(What to work on)
Match on the string "Figure" in the entries below and return every matching line.

......

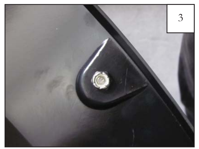
Place a Nut (NU1-0019) over the end of each Bolt and tighten, using a 1/2" wrench for the Nut and the supplied Torx Bit (SW1-0052) for the Bolt. Repeat for remaining pockets.
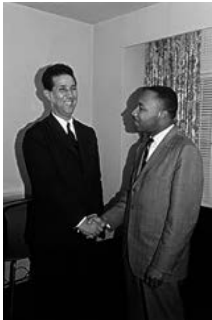
Figure 1. Algerian premier Ahmed Ben Bella (left) and Martin Luther King, Jr. (right), 1962.
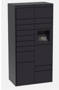
Figure 1: Main unit
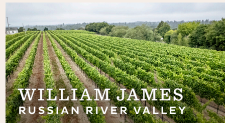
WILLIAM JAMES RUSSIAN RIVER VALLEY
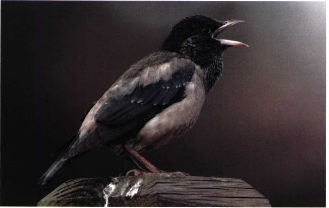
14 Rosy Starling / Roze Spreeuw Sturnus roseus , Beeston, Norfolk, England, January 1998

......

(Result)
Figure 1. Algerian premier Ahmed Ben Bella (left) and Martin Luther King, Jr. (right), 1962.
Figure 1: Main unit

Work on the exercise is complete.